Data extracted from a collection
============
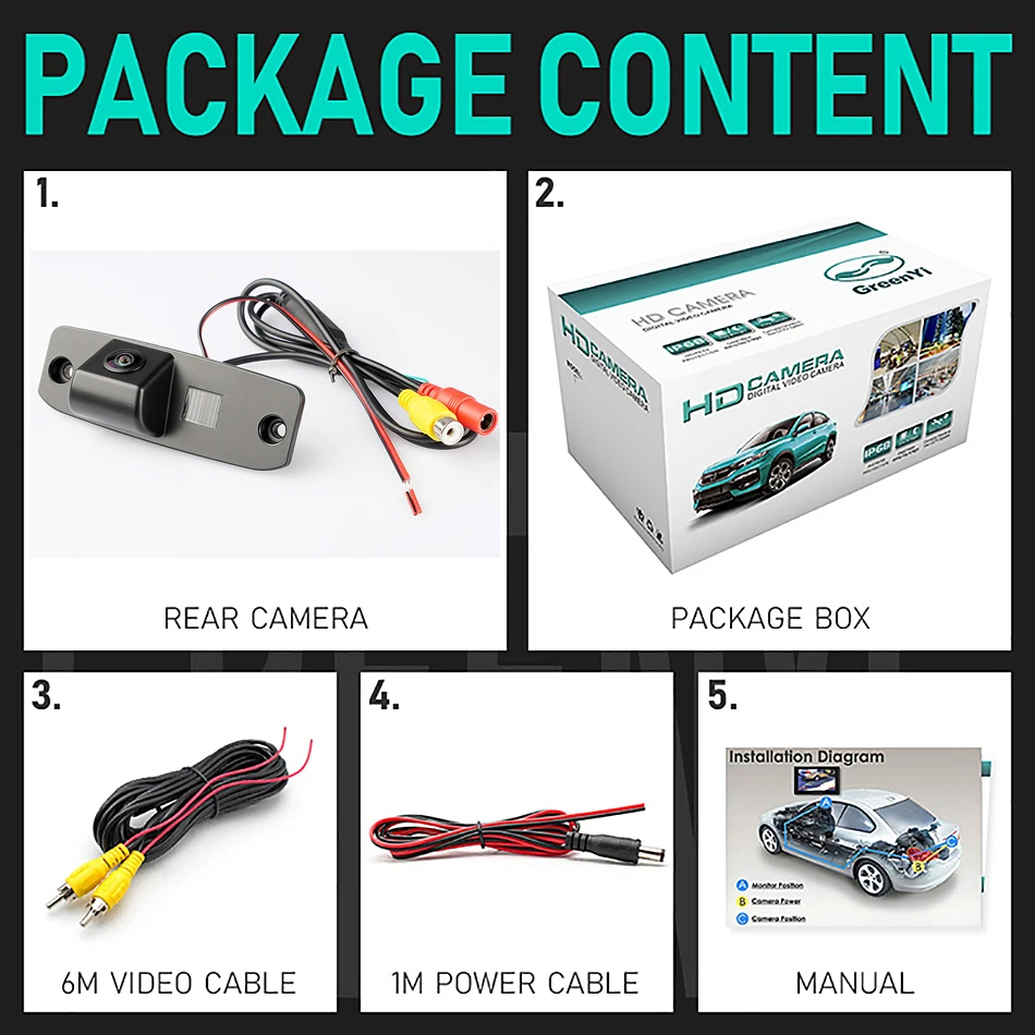 1. Камера заднего вида FS-HD2. Самонарезающий винт и коробка3. Видеокабель 6 м4. Кабель питания5. Руководство
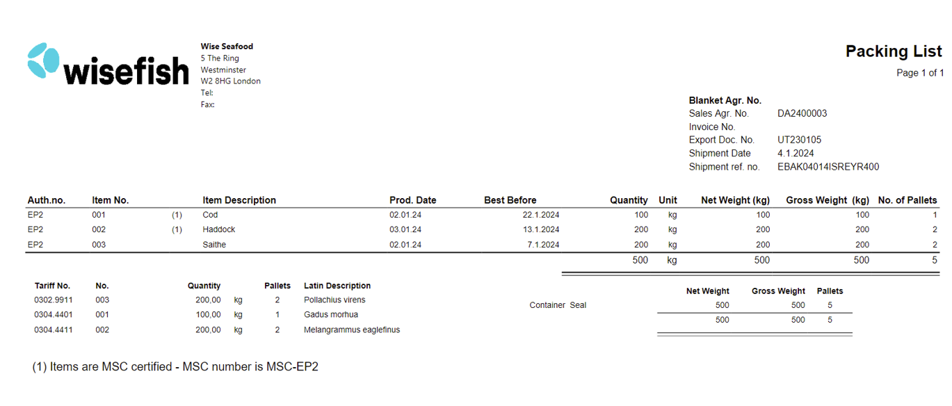 Issues with Packing Lists in Export
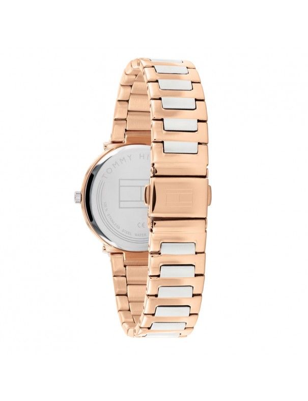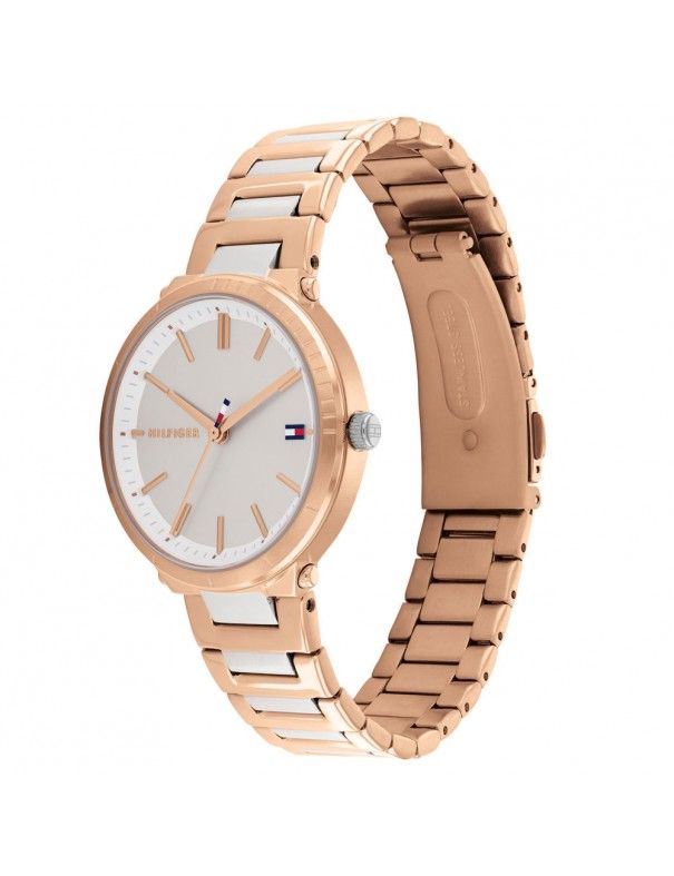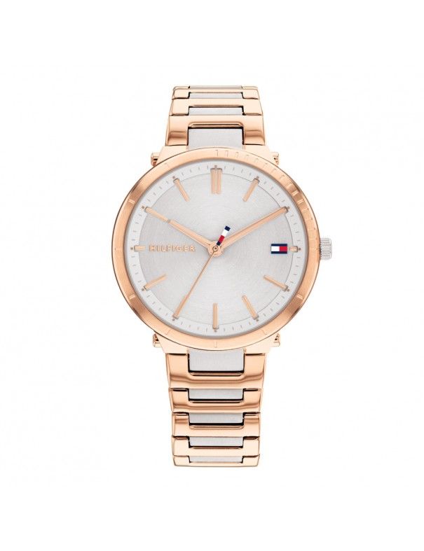 Reloj Tommy Hilfiger Mujer Zoey 1782406, analógico de 3 agujas. Caja de 34mm de acero inoxidable pavonado en oro rosa, esfera plateada tornasolada con indicadores. Brazalete de eslabones acero inoxidable bicolor pavonado en oro rosa. Cristal mineral. Sumergible a 3ATM, por lo que sólo soporta pequeñas salpicaduras.
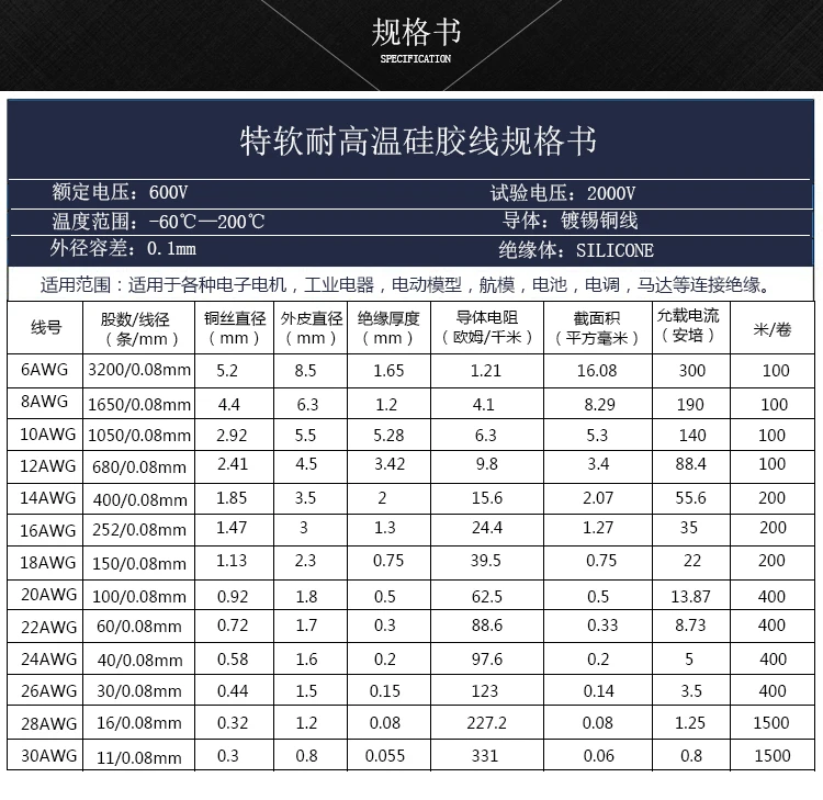 Núcleo interno de cobre estañado de alta calidad, puede mantener el cable de cobre durante mucho tiempo no se oxida. Piel exterior de silicona, suave resistente al desgaste, resistente a altas temperaturas, superficie lisa.
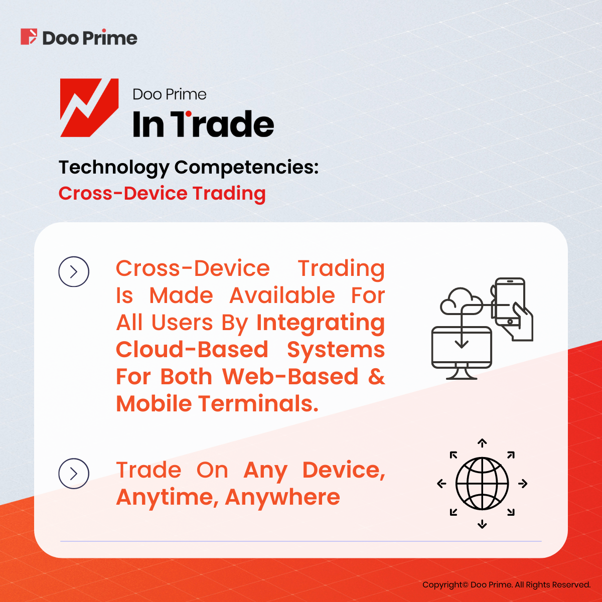On Doo Prime InTrade, cross-device trading is made available for all users by integrating cloud-based systems for both web-based and mobile terminals.
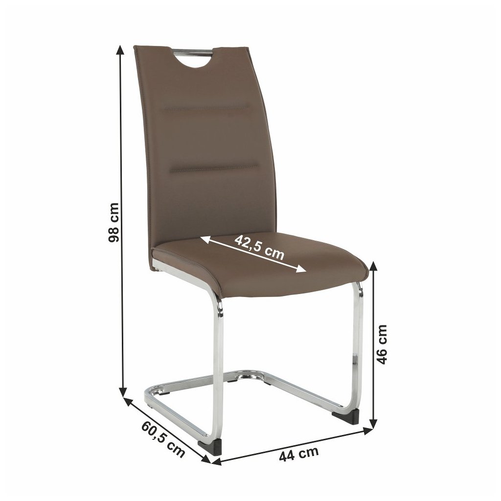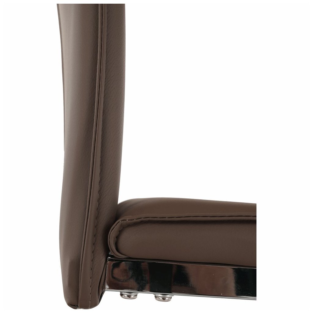 Jedálenská stolička TOSENA v hnedej ekokoži spája elegantný dizajn s kvalitnou chrómovou konštrukciou. Stabilná a pohodlná, ideálna na každú jedáleň. Rozmery: 44x60,5x98 cm. Nosnosť 90 kg.
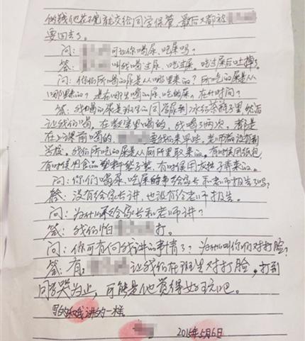 “谁让你吃屎喝尿啊?”“小赐。”“你们这么大的人了,他让你们喝就喝?”“不喝就要挨打,背书写作业就不能通过检查。”“你说你吃屎了,喝尿了,可有人看见?”“全班六个人(除了小赐)都喝了。”
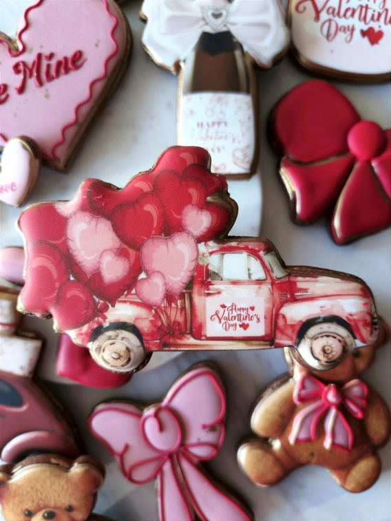 Pierniczek lukrowany auto pick up z balonami serca walentynkowe
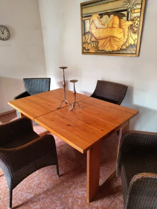 Mesa para salón/comedor en perfecto estado Incluye las sillas (En el perfil tambien encontrarás una mesa baja a juego) se pueden ir las dos por 100eur Ancho 90cm Alto 77cm Largo 150cm
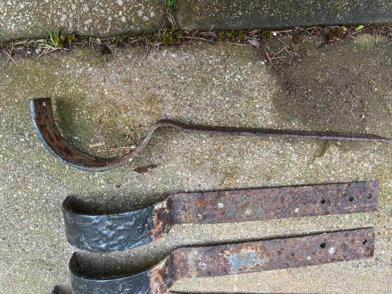 Vintage metal guttering holders removed from old shed
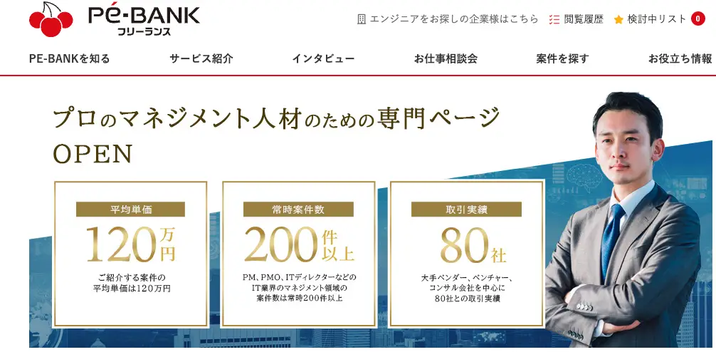 PE-BANKは運営実績30年以上の老舗エージェントで、8~15%程度という低マージンが特徴です。全国主要都市で案件紹介が可能で、地方在住のフリーランスにも強い味方となっています。長期安定的に安定した人材供給を期待する企業におすすめのサービスです。
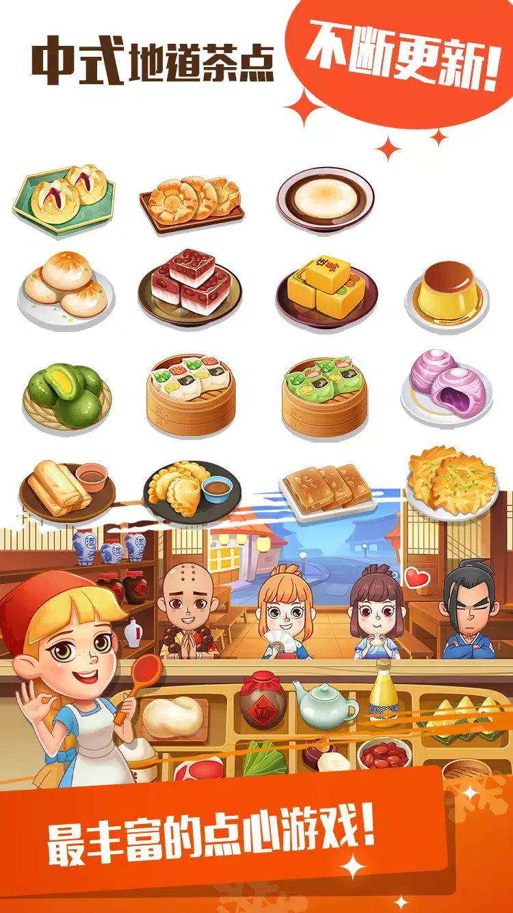 《点心大厨最新版》这是一款模拟经营类型的游戏,游戏由“Together Fun”工作室出品,这个版本为最新版,玩家将推着自己的点心摊前往世界各地,让玩家能够制作美味的蛋糕、可颂、麦片,还有非常有地域风格的和果子、豆沙包、油炸丸子等等,让玩家能够通过探索世界获得新的菜谱,让你能够填充你的菜谱,吸引更多的客人前来光顾,赢得好评和金币,升级自己的厨具。
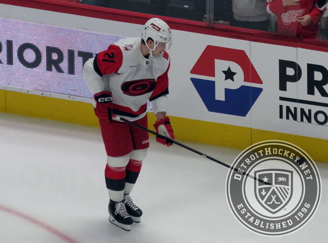 Alexander Nikishin of the Carolina Hurricanes stands at the bench during pre-game warmups before a game against the Detroit Red Wings.
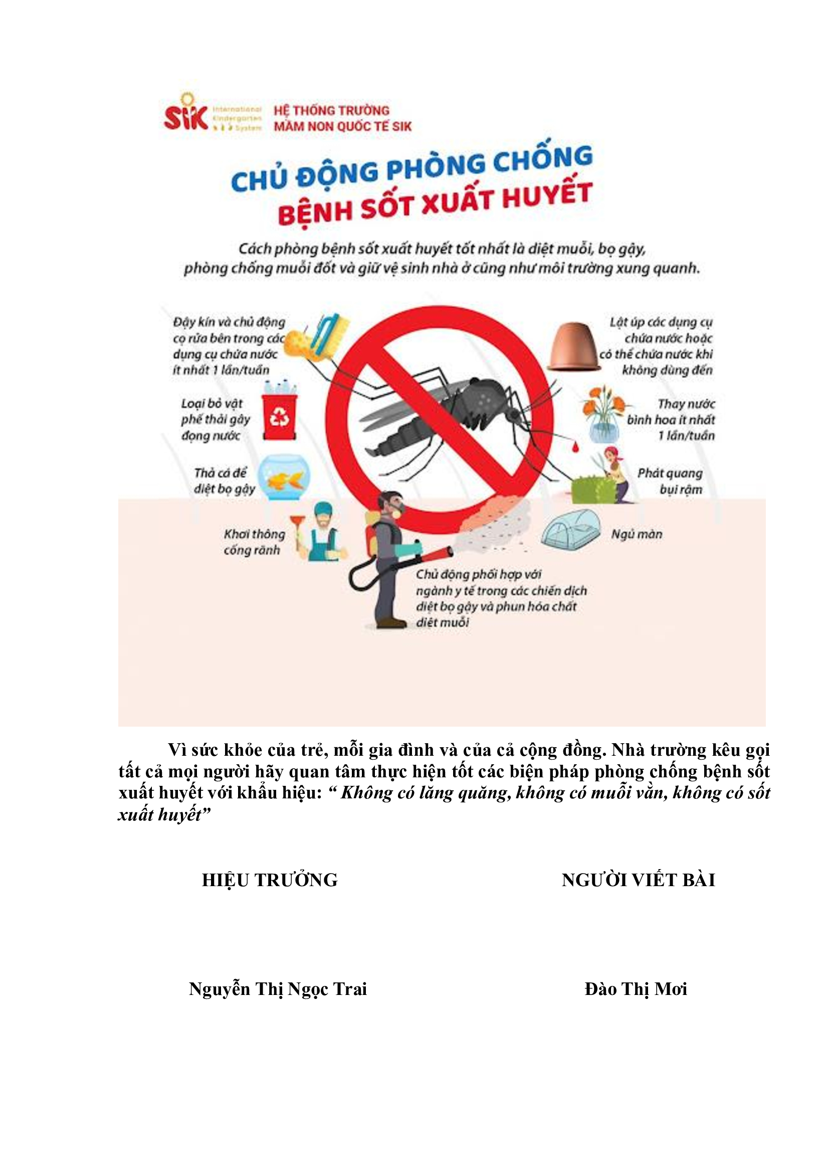 BÀI TUYÊN TRUYỀN PHÒNG CHỐNG BỆNH SỐT XUẤT HUYẾT CHO TRƯỜNG MẦM NON
============
_What you have to do_
Reproduce exactly, and only, the lines that begin at the one containing "Vintage metal guttering" and end with the final line of the data, both included, while omitting every picture.

_Result of this task_
 Vintage metal guttering holders removed from old shed
 PE-BANKは運営実績30年以上の老舗エージェントで、8~15%程度という低マージンが特徴です。全国主要都市で案件紹介が可能で、地方在住のフリーランスにも強い味方となっています。長期安定的に安定した人材供給を期待する企業におすすめのサービスです。
 《点心大厨最新版》这是一款模拟经营类型的游戏,游戏由“Together Fun”工作室出品,这个版本为最新版,玩家将推着自己的点心摊前往世界各地,让玩家能够制作美味的蛋糕、可颂、麦片,还有非常有地域风格的和果子、豆沙包、油炸丸子等等,让玩家能够通过探索世界获得新的菜谱,让你能够填充你的菜谱,吸引更多的客人前来光顾,赢得好评和金币,升级自己的厨具。
 Alexander Nikishin of the Carolina Hurricanes stands at the bench during pre-game warmups before a game against the Detroit Red Wings.
 BÀI TUYÊN TRUYỀN PHÒNG CHỐNG BỆNH SỐT XUẤT HUYẾT CHO TRƯỜNG MẦM NON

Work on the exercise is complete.